Monday, June 13, 2016

Three Beautiful Things 06/12/16: Rice Salad, The Movie *Seabiscuit*, Good News from Kellogg

1. After cooking up a pot of rice and making a quick trip to the Co-op and a shopping stop at Weis Market and Costco, I combined the rice along with cherry tomatoes, almonds, chopped cucumber, red pepper, feta cheese, fresh mint, fresh basil, and fresh cilantro into a bowl, added olive oil, lemon juice, and crushed red pepper into a bowl and the Deke and I had ourselves a mighty good salad for dinner.

2. Late in the afternoon, I rented the movie Seabiscuit from Amazon and had a lump in my throat for the next two and a half hours. In the book Seabiscuit, Laura Hillenbrand not only tells the moving and uplifting story of Seabiscuit and his owner, trainer, and jockeys, but she delves deeply into the how the horse racing business operated in the thirties, details the many challenges Seabiscuit faced and the difficulties of Red Pollard, Seabiscuit's jockey (when Pollard wasn't injured). We learn a lot about Pollard's injuries, his struggles with alcoholism, and his marriage. The book is a detailed and fully documented biography and history. To me, it was a perfect blend of popular non-fiction and careful, detailed historical and biographical research.

The movie implies a different purpose and is a different work of art. I know from reading Hillenbrand's book and from other reading I've done, that escapist movies featuring themes of overcoming great difficulties were popular during the Depression and it was as if Gary Ross, in writing and directing Seabiscuit, wanted to resurrect a Depression Era style of making a movie.

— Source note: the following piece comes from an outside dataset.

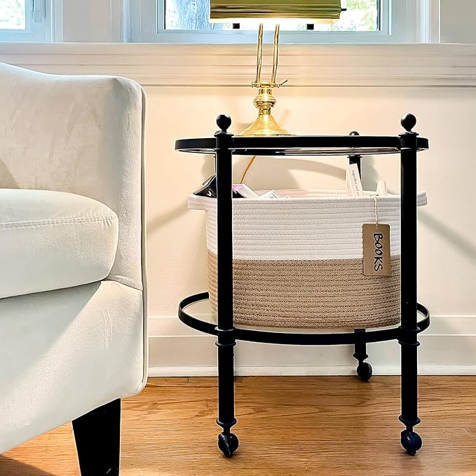 - Two Different Materials. The decorative basket is made of cotton rope and jute rope, which is perfect for home use. It's a smart choice for organizing dog toys, stuffed animals, shower supplies, and plants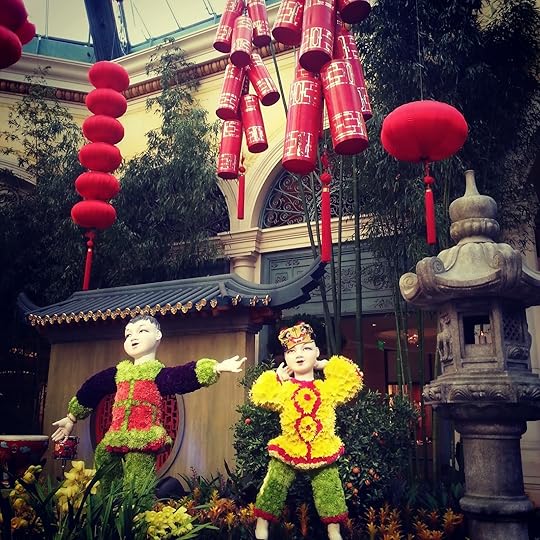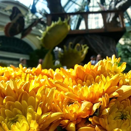 I've gone to the Bellagio to write and take pictures, but mostly just to people watch and think. It's nice to go from a city that mostly smells like smoke into a fresh garden. And it's an adventure to see what they are going to do next. They have new statues and new flower arrangements and sometimes birds and butterflies and it makes the Bellagio gardens one of my favorite places in the world. Then once you've walked through the gardens you get to go watch the fountains and if you stand close enough, feel the spray of water on your face.

In the horse Seabiscuit and in the stories of Charles Howard, the owner, Tom Smith, the trainer, and in the jockey Red Pollard, Laura Hillenbrand provided Gary Ross with the perfect characters to tell such a story and so the movie was structured around the lowly overcoming the mighty, the little horse with a big heart ("Though he be but little, he is fierce"*) outracing more majestic horses, and around the dream all of us in the USA were born into:  with hard work and grit we can overcome all obstacles and prevail.

Laura Hillenbrand's story is more complicated -- but the implied purpose of her book was very different.

Actually, the movie swept away my memories of the book and, while I was watching it. I realized, at some point, that I was so engrossed in the story as told in the movie, that the book disappeared and it wasn't until after the movie ended that I thought about how the two media approached this story so differently.

My experience with Seabiscuit was enriched by Jeff Bridges playing Charles Howard and especially by Chris Cooper playing Tom Smith. Jeff Bridges created a character who struck it rich as an automobile entrepreneur and whose glad handing and public relations instincts never overshadowed his basic decency and his care for Seabiscuit, Tom Smith, and Red Pollard. In contrast, Chris Cooper created a character of few words, without a glad to hand, but whose deep love for and understanding of horses, and, in particular, Seabiscuit, moved me, put that lump in my throat throughout the movie.

* You might recognize this quote from A Midsummer Night's Dream.  Helena uses it to describe Hermia -- so Red Pollard improvised it a bit on it: in the play, Helena says "And though she be but little, she is fierce" (MND, III, ii, 325). 

3. More good news reached me from Kellogg.

Mom continues to shed water weight.

And, after losing their heeler, Shelby, Christy and Everett have adopted another heeler through an organization in Coeur d'Alene, Second Chance Pets. His name is Tucker and, from this picture, I think you'll agree -- he's a beauty.